**Task objective:** Write out, word for word and with no pictures, each line below from the one containing "6025 Belden Bağlama" through the one containing "Prekrižite ruke na", both included, and no other line.

[Dataset entries]
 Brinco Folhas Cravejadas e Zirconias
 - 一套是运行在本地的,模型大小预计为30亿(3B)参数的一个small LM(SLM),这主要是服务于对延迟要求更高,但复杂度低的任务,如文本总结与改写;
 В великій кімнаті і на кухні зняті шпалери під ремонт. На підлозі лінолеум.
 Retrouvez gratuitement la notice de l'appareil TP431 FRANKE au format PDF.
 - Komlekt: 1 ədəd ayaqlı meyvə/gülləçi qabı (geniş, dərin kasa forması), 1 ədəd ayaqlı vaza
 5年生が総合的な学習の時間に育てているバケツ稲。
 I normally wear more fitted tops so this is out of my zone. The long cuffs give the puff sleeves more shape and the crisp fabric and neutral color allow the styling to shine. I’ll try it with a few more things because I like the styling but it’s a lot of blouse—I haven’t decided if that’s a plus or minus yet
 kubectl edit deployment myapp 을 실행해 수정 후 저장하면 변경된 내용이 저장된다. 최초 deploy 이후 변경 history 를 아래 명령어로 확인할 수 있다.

...

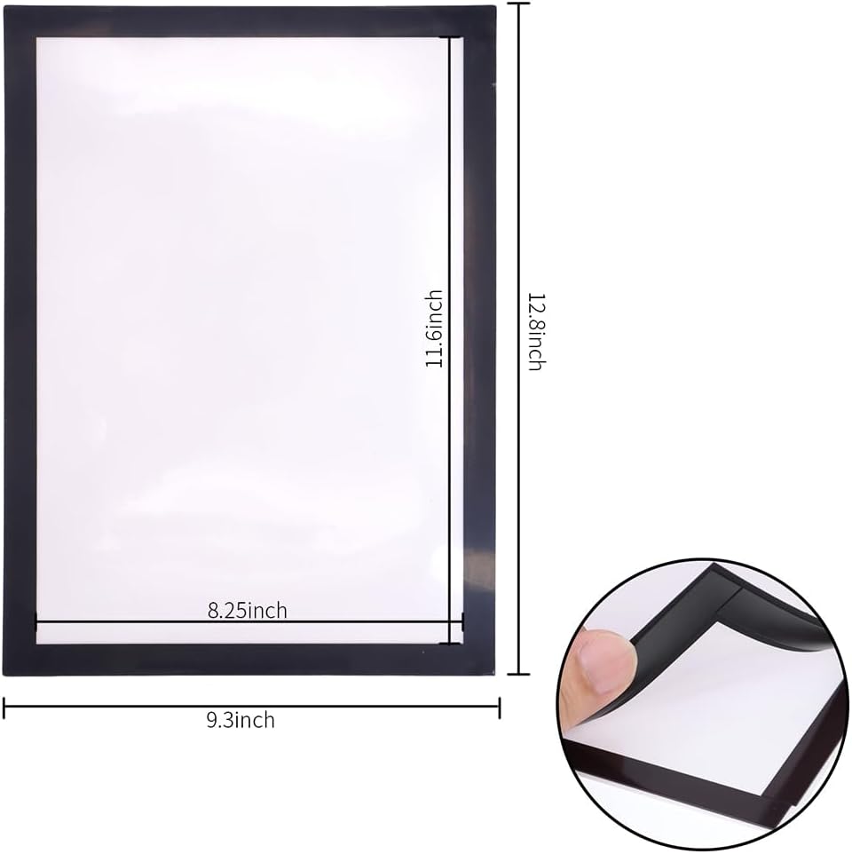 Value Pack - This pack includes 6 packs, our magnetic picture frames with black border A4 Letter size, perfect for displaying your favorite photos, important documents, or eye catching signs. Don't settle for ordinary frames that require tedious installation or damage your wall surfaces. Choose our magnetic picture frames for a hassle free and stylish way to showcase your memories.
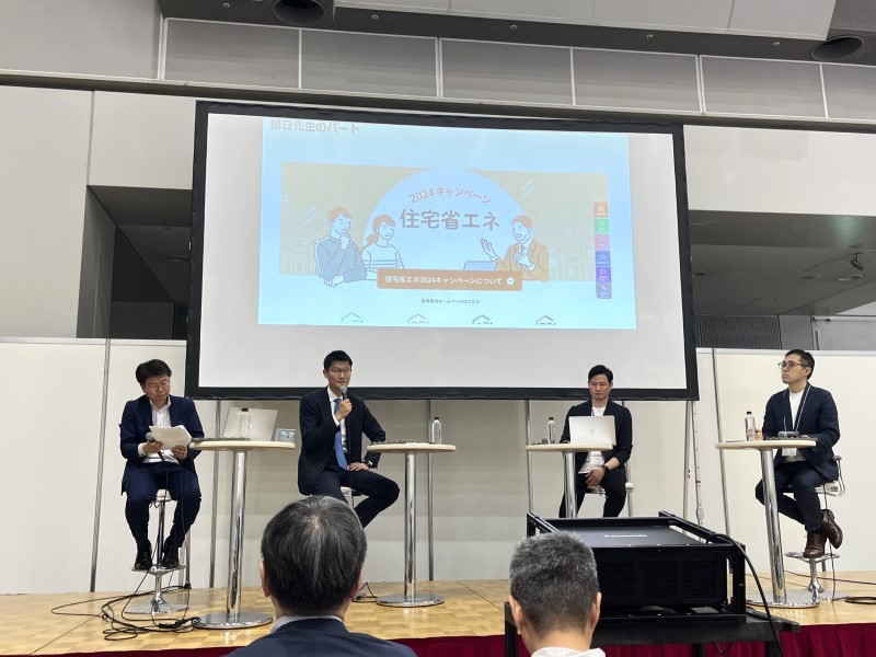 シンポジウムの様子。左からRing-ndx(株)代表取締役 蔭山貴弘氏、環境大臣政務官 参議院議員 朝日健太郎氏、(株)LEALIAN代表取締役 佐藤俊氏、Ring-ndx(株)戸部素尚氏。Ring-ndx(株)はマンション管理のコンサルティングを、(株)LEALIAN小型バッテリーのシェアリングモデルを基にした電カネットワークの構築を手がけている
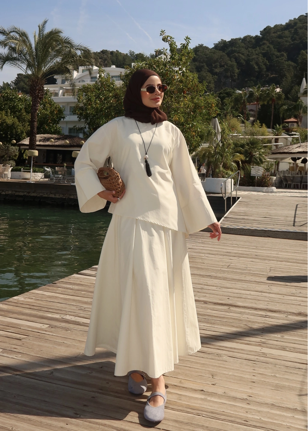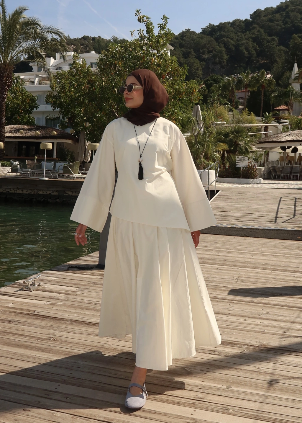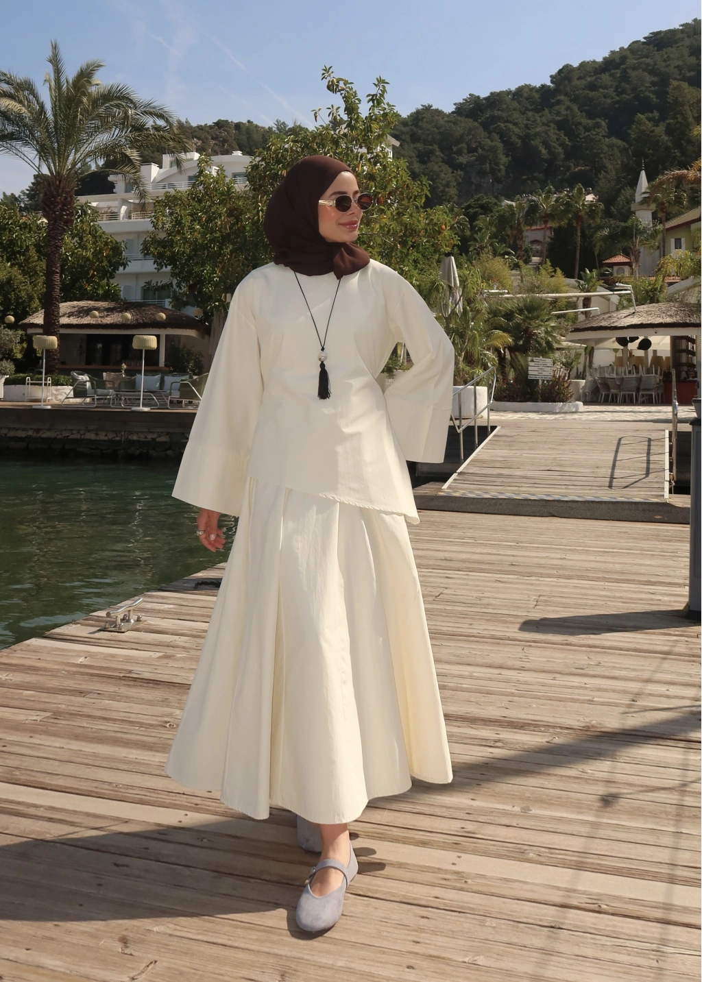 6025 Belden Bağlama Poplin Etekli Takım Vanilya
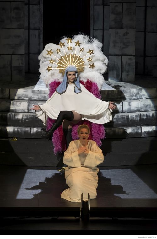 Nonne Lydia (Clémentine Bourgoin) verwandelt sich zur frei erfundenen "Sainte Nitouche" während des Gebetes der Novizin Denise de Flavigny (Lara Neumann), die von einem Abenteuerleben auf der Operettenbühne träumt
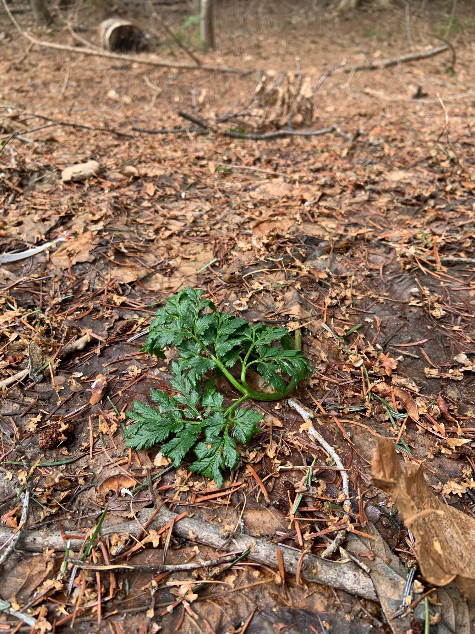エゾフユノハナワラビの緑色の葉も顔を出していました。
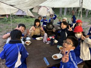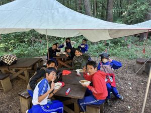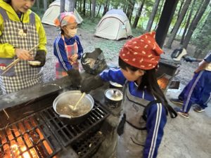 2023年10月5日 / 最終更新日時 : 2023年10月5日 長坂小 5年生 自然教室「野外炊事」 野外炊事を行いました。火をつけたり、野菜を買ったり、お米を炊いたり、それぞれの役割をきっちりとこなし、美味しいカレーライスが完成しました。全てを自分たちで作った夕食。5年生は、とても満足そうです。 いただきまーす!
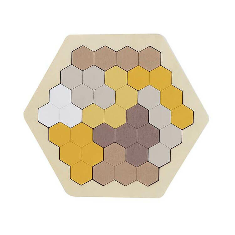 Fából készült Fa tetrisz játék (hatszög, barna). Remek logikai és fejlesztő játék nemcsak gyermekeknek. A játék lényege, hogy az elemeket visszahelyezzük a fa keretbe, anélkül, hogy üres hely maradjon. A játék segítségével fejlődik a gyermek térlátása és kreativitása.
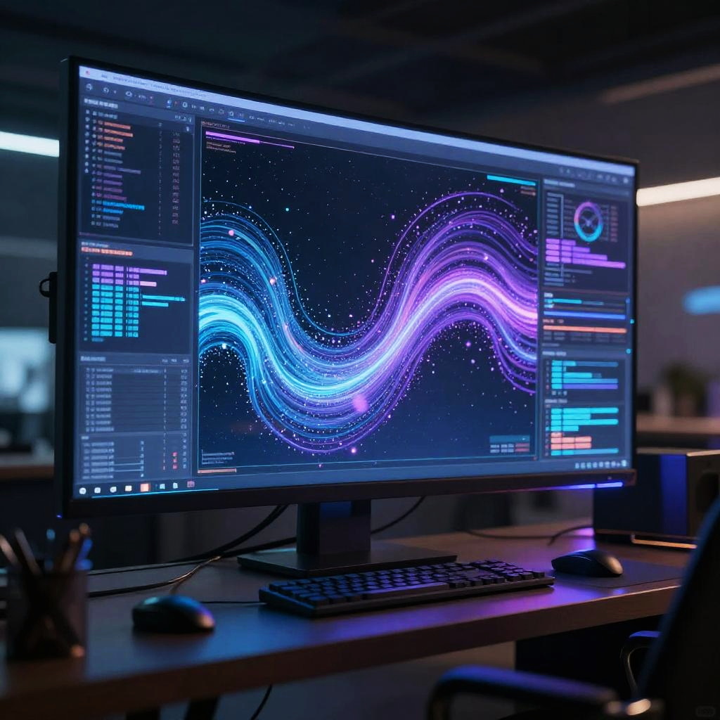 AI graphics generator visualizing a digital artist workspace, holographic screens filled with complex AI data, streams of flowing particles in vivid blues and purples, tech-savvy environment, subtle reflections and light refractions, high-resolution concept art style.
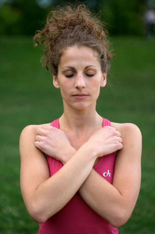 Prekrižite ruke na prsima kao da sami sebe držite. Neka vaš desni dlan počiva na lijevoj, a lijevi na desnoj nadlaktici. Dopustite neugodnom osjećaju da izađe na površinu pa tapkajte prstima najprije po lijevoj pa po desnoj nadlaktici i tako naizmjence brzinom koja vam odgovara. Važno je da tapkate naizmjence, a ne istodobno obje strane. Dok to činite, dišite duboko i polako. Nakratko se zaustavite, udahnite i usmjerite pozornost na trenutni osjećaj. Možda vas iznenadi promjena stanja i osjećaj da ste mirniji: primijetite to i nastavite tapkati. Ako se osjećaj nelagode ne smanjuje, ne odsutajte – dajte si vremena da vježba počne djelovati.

**Written response:**
 6025 Belden Bağlama Poplin Etekli Takım Vanilya
 Nonne Lydia (Clémentine Bourgoin) verwandelt sich zur frei erfundenen "Sainte Nitouche" während des Gebetes der Novizin Denise de Flavigny (Lara Neumann), die von einem Abenteuerleben auf der Operettenbühne träumt
エゾフユノハナワラビの緑色の葉も顔を出していました。
 2023年10月5日 / 最終更新日時 : 2023年10月5日 長坂小 5年生 自然教室「野外炊事」 野外炊事を行いました。火をつけたり、野菜を買ったり、お米を炊いたり、それぞれの役割をきっちりとこなし、美味しいカレーライスが完成しました。全てを自分たちで作った夕食。5年生は、とても満足そうです。 いただきまーす!
 Fából készült Fa tetrisz játék (hatszög, barna). Remek logikai és fejlesztő játék nemcsak gyermekeknek. A játék lényege, hogy az elemeket visszahelyezzük a fa keretbe, anélkül, hogy üres hely maradjon. A játék segítségével fejlődik a gyermek térlátása és kreativitása.
 AI graphics generator visualizing a digital artist workspace, holographic screens filled with complex AI data, streams of flowing particles in vivid blues and purples, tech-savvy environment, subtle reflections and light refractions, high-resolution concept art style.
 Prekrižite ruke na prsima kao da sami sebe držite. Neka vaš desni dlan počiva na lijevoj, a lijevi na desnoj nadlaktici. Dopustite neugodnom osjećaju da izađe na površinu pa tapkajte prstima najprije po lijevoj pa po desnoj nadlaktici i tako naizmjence brzinom koja vam odgovara. Važno je da tapkate naizmjence, a ne istodobno obje strane. Dok to činite, dišite duboko i polako. Nakratko se zaustavite, udahnite i usmjerite pozornost na trenutni osjećaj. Možda vas iznenadi promjena stanja i osjećaj da ste mirniji: primijetite to i nastavite tapkati. Ako se osjećaj nelagode ne smanjuje, ne odsutajte – dajte si vremena da vježba počne djelovati.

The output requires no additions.